TASK DIRECTIONS
Output all entries precisely and leave out the pictures.

DATA EXTRACTS
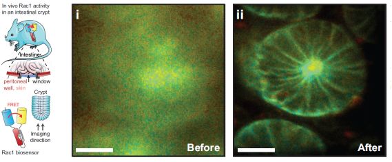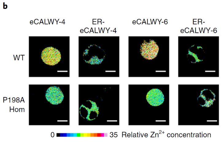 FLIM 显微成像技术 FLIM-FRET 的优势 FLIM(Fluorescence Life-time Imaging Microscopy)是一项基于荧光寿命(电子驻留在激发态的时间统计值)的显微成像技术。与荧光光谱一样,荧光寿命也是荧光物质的一种内在特有性质,不受荧光物质浓度、激发光强度等因素的影响。基于荧光寿命测量的 FRET 技术—— FLIM-FRET,具有 FLIM 和 FRET 两者的优势,即能在不受荧光强度影响因素影响的条件下,在纳米分辨率水平对蛋白互作进行研究,或者通过 FRET 探针研究分子环境变化,更重要的是其测量数据准确性高、易重复,接下来我们来看两个例子。 案例解析 案例一 离子溶度监测 今年发表在 Nature Immunology 上的文章 “An essential role for the Zn2+ transporter ZIP7 in B cell development” 研究了 ZIP7 蛋白在 B 细胞中的重要作用。 作者通过对免疫缺陷病人进行基因筛查,发现了 ZIP7 蛋白的缺失,利用 CRISPR-CAS9 技术构建了该基因缺失的小鼠模型,并利用该模型证明了 ZIP7 缺失会导致 B 细胞发育受阻。 ZIP7 介导 Zn2+ 由内质网流入细胞质,为了证明 ZIP7 缺失的细胞中 Zn2+ 浓度受到了影响,作者通过 FRET 探针 eCALWY-4、eCALWY-6 进行了研究,然而传统的FRET技术会受到探针浓度的影响从而导致结果不准确,因此作者利用了 FLIM-FRET 技术,证明 ZIP7 突变体细胞质中 Zn2+ 浓度明显下降,后续的实验进一步证明了 ZIP7 调控的 Zn2+ 水平对 B 细胞发育的重要性。 △ 图2. 利用 FLIM-FRET 技术检测细胞质和内质网中 Zn2+ 浓度。P198A Hom,ZIP7 突变体;eCALWY-4、eCALWY-6 ,Zn2+ FRET reporters ; ER,内质网 案例二 活体功能成像 FRET 探针不仅可用在细胞水平,in vivo 个体水平也同样适用。 “Removing physiological motion from intravital and clinical functional imaging data” 一文利用 Rac1 FRET 探针对小鼠小肠、胰腺等组织中的 Rac1 活性进行了监测。然而,传统的 FLIM 技术成像速度非常慢,在活体应用时,由于时间分辨率不够会导致数据的假象。该文通过算法将这种成像速度不够导致的假象进行了最大程度的消除,从而在一定程度上促进了 FLIM 在活体水平的应用,该文章发表在2018年 eLife 杂志上。 △ 图3. 左,Rac1 FRET 探针检测小肠隐窝处 Rac1 活性模式图;右,运动补偿运算前后 FLIM 数据对比 SP8 FALCON 超快速荧光寿命成像 解决 FLIM 成像速度最大瓶颈 当然, FLIM 应用并不仅限于 FLIM-FRET,通过 FLIM 还可以对样本所处的微环境进行检测、对样品组份进行分离等等。在传统的荧光强度和荧光光谱两个维度的基础上,又增加了荧光寿命这一新的成像维度,大大拓展了该系统的应用范围。 然而,正如 Sean C Warren eLife 文章所说,FLIM 成像速度慢是限制其应用的最大瓶颈。 Leica最新 SP8 FALCON 超快速荧光寿命成像解决方案,使 FLIM 成像速度提升了近10倍(较经典 TCSPC 方法),近共聚焦的成像的速度几乎能满足所有动态过程的速度要求,可轻松实现 XYZTλ 多方式快速荧光寿命成像。 △ 视频1. 对 Alexa Fluor 555 溶液中的荧光小球(品红色)进行快速荧光寿命成像。 使用FLIM比荧光强度(左)更有利分离目标。单帧大小:512 x 64 像素。比例尺:10 毫米 同时,该系统基于 Leica SP8 共聚焦成像平台,可与白激光 STED 3X 纳米显微镜、DIVE 多光子系统等相结合,形成基于一个平台的 SETD-FLIM、DIVE-FLIM 多模态成像。
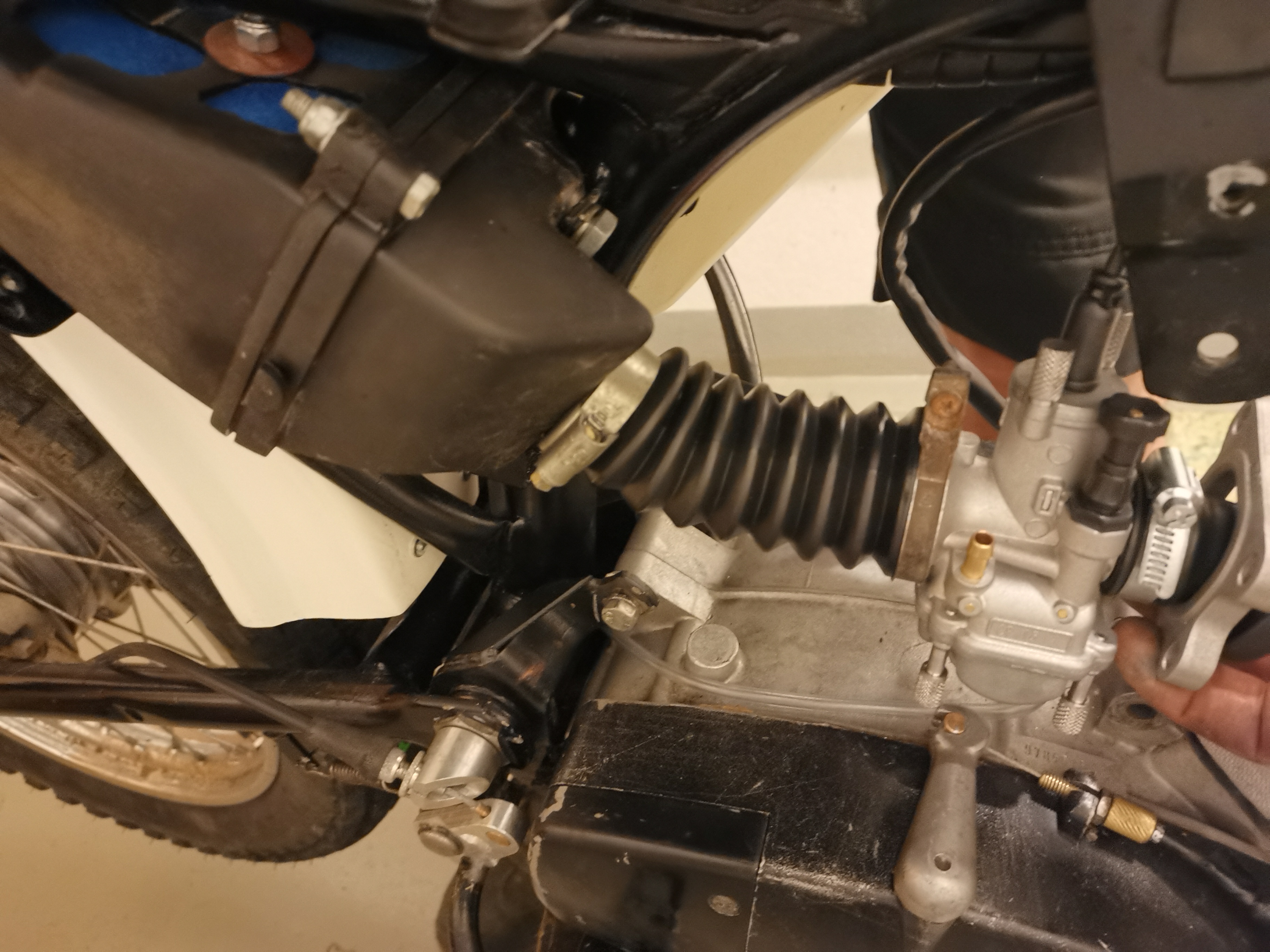 Ktm sx 85 Formula Vorderbremse mit yz 85 Felge, Daelim 125 Gabel, verlängerte IKON Dämpfer. Luftfilterkasten auf Matten umgebaut.
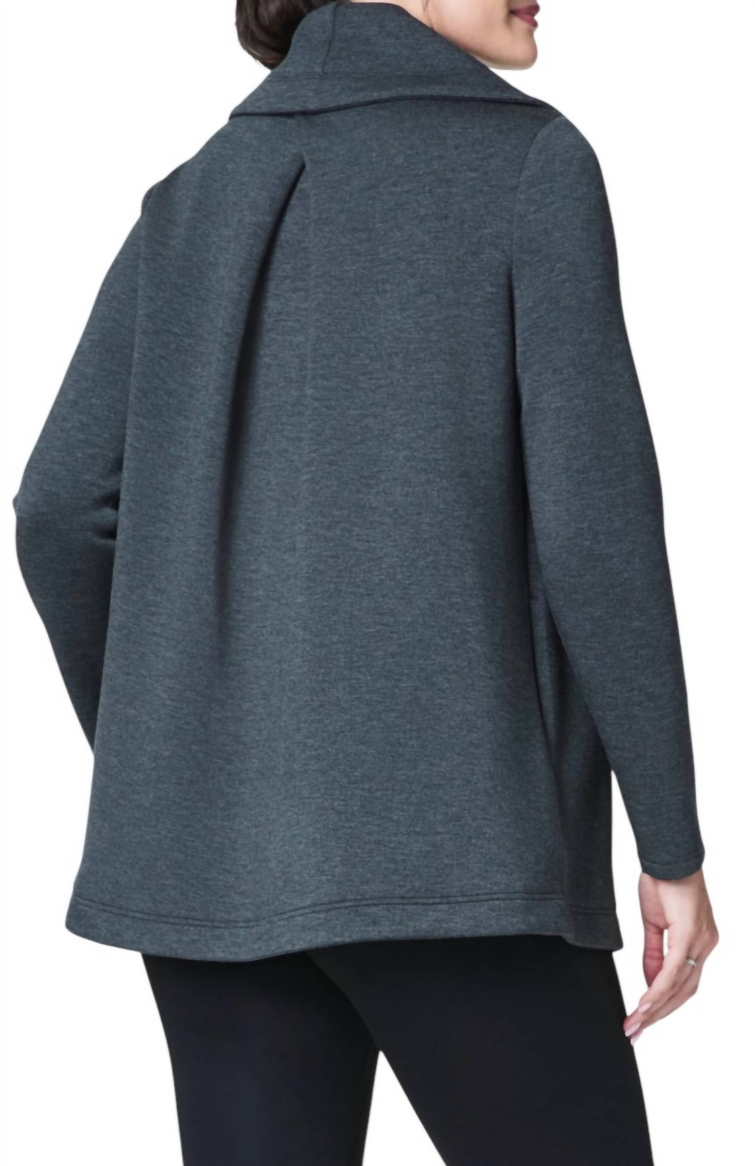 Throw this adorable cardigan over any cami or tank top. Elevate your wardrobe with the Spanx Airessentials Drapefront Cardi in Dark Grey Heather. This long-sleeve cardigan, composed of 47% modal, 46% polyester, and 7% elastane, falls stylishly past the hips with an open front and shawl collar. Crafted from a smooth spacer fabric, it features an inverted box pleat at the back for a flattering and layer-ready fit, complete with UPF 50+ sun protection. Care is a breeze with options for dry cleaning or machine washing, and it is conveniently imported for your fashion needs.
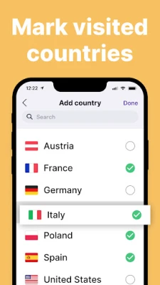 Create a Personalized Logbook Document your adventures with a customizable logbook of coutries you've visited to keep your experiences alive and well-organized.
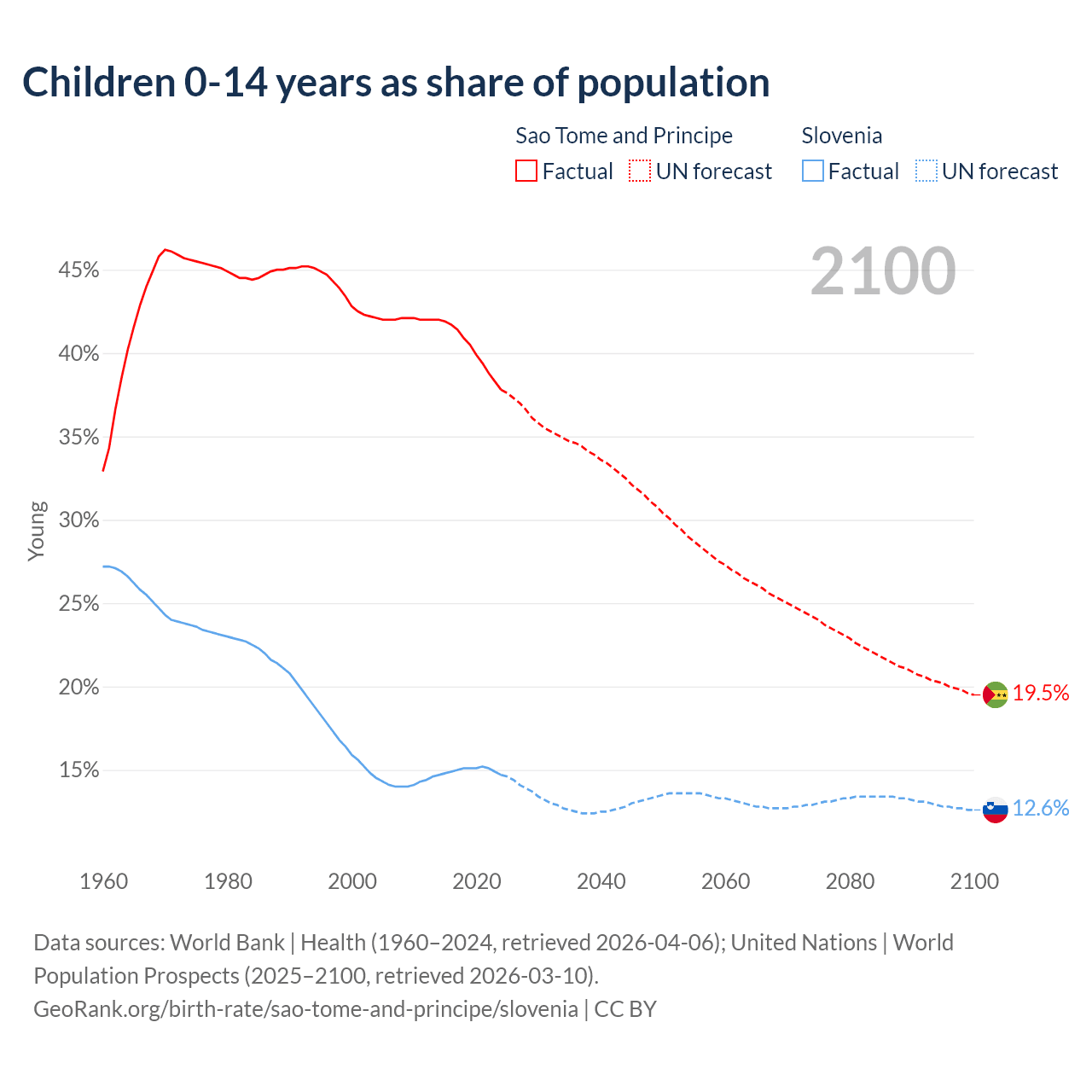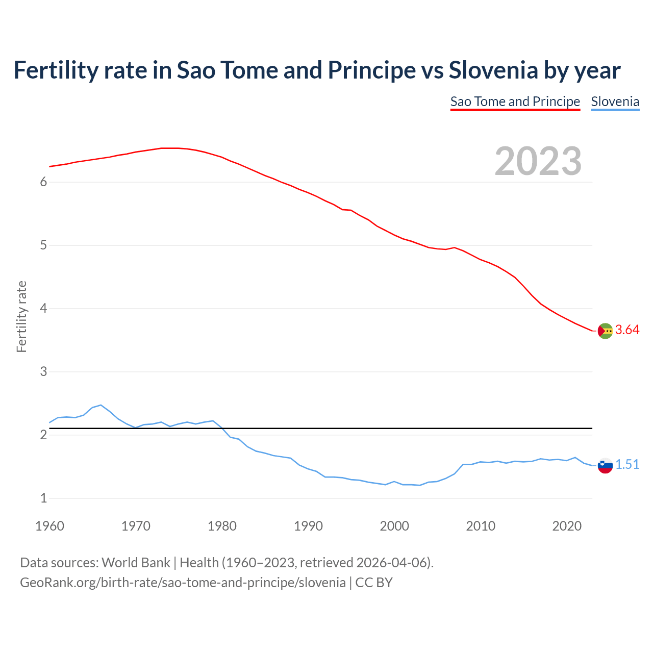 According to the latest available data on birth rates, the fertility rate in Sao Tome and Principe was 3.64 children per woman in 2023, compared to 1.51 in Slovenia in 2023. The replacement level is considered to be 2.1 children per woman.

COMPLETED TASK
 FLIM 显微成像技术 FLIM-FRET 的优势 FLIM(Fluorescence Life-time Imaging Microscopy)是一项基于荧光寿命(电子驻留在激发态的时间统计值)的显微成像技术。与荧光光谱一样,荧光寿命也是荧光物质的一种内在特有性质,不受荧光物质浓度、激发光强度等因素的影响。基于荧光寿命测量的 FRET 技术—— FLIM-FRET,具有 FLIM 和 FRET 两者的优势,即能在不受荧光强度影响因素影响的条件下,在纳米分辨率水平对蛋白互作进行研究,或者通过 FRET 探针研究分子环境变化,更重要的是其测量数据准确性高、易重复,接下来我们来看两个例子。 案例解析 案例一 离子溶度监测 今年发表在 Nature Immunology 上的文章 “An essential role for the Zn2+ transporter ZIP7 in B cell development” 研究了 ZIP7 蛋白在 B 细胞中的重要作用。 作者通过对免疫缺陷病人进行基因筛查,发现了 ZIP7 蛋白的缺失,利用 CRISPR-CAS9 技术构建了该基因缺失的小鼠模型,并利用该模型证明了 ZIP7 缺失会导致 B 细胞发育受阻。 ZIP7 介导 Zn2+ 由内质网流入细胞质,为了证明 ZIP7 缺失的细胞中 Zn2+ 浓度受到了影响,作者通过 FRET 探针 eCALWY-4、eCALWY-6 进行了研究,然而传统的FRET技术会受到探针浓度的影响从而导致结果不准确,因此作者利用了 FLIM-FRET 技术,证明 ZIP7 突变体细胞质中 Zn2+ 浓度明显下降,后续的实验进一步证明了 ZIP7 调控的 Zn2+ 水平对 B 细胞发育的重要性。 △ 图2. 利用 FLIM-FRET 技术检测细胞质和内质网中 Zn2+ 浓度。P198A Hom,ZIP7 突变体;eCALWY-4、eCALWY-6 ,Zn2+ FRET reporters ; ER,内质网 案例二 活体功能成像 FRET 探针不仅可用在细胞水平,in vivo 个体水平也同样适用。 “Removing physiological motion from intravital and clinical functional imaging data” 一文利用 Rac1 FRET 探针对小鼠小肠、胰腺等组织中的 Rac1 活性进行了监测。然而,传统的 FLIM 技术成像速度非常慢,在活体应用时,由于时间分辨率不够会导致数据的假象。该文通过算法将这种成像速度不够导致的假象进行了最大程度的消除,从而在一定程度上促进了 FLIM 在活体水平的应用,该文章发表在2018年 eLife 杂志上。 △ 图3. 左,Rac1 FRET 探针检测小肠隐窝处 Rac1 活性模式图;右,运动补偿运算前后 FLIM 数据对比 SP8 FALCON 超快速荧光寿命成像 解决 FLIM 成像速度最大瓶颈 当然, FLIM 应用并不仅限于 FLIM-FRET,通过 FLIM 还可以对样本所处的微环境进行检测、对样品组份进行分离等等。在传统的荧光强度和荧光光谱两个维度的基础上,又增加了荧光寿命这一新的成像维度,大大拓展了该系统的应用范围。 然而,正如 Sean C Warren eLife 文章所说,FLIM 成像速度慢是限制其应用的最大瓶颈。 Leica最新 SP8 FALCON 超快速荧光寿命成像解决方案,使 FLIM 成像速度提升了近10倍(较经典 TCSPC 方法),近共聚焦的成像的速度几乎能满足所有动态过程的速度要求,可轻松实现 XYZTλ 多方式快速荧光寿命成像。 △ 视频1. 对 Alexa Fluor 555 溶液中的荧光小球(品红色)进行快速荧光寿命成像。 使用FLIM比荧光强度(左)更有利分离目标。单帧大小:512 x 64 像素。比例尺:10 毫米 同时,该系统基于 Leica SP8 共聚焦成像平台,可与白激光 STED 3X 纳米显微镜、DIVE 多光子系统等相结合,形成基于一个平台的 SETD-FLIM、DIVE-FLIM 多模态成像。
 Ktm sx 85 Formula Vorderbremse mit yz 85 Felge, Daelim 125 Gabel, verlängerte IKON Dämpfer. Luftfilterkasten auf Matten umgebaut.
 Throw this adorable cardigan over any cami or tank top. Elevate your wardrobe with the Spanx Airessentials Drapefront Cardi in Dark Grey Heather. This long-sleeve cardigan, composed of 47% modal, 46% polyester, and 7% elastane, falls stylishly past the hips with an open front and shawl collar. Crafted from a smooth spacer fabric, it features an inverted box pleat at the back for a flattering and layer-ready fit, complete with UPF 50+ sun protection. Care is a breeze with options for dry cleaning or machine washing, and it is conveniently imported for your fashion needs.
 Create a Personalized Logbook Document your adventures with a customizable logbook of coutries you've visited to keep your experiences alive and well-organized.
 According to the latest available data on birth rates, the fertility rate in Sao Tome and Principe was 3.64 children per woman in 2023, compared to 1.51 in Slovenia in 2023. The replacement level is considered to be 2.1 children per woman.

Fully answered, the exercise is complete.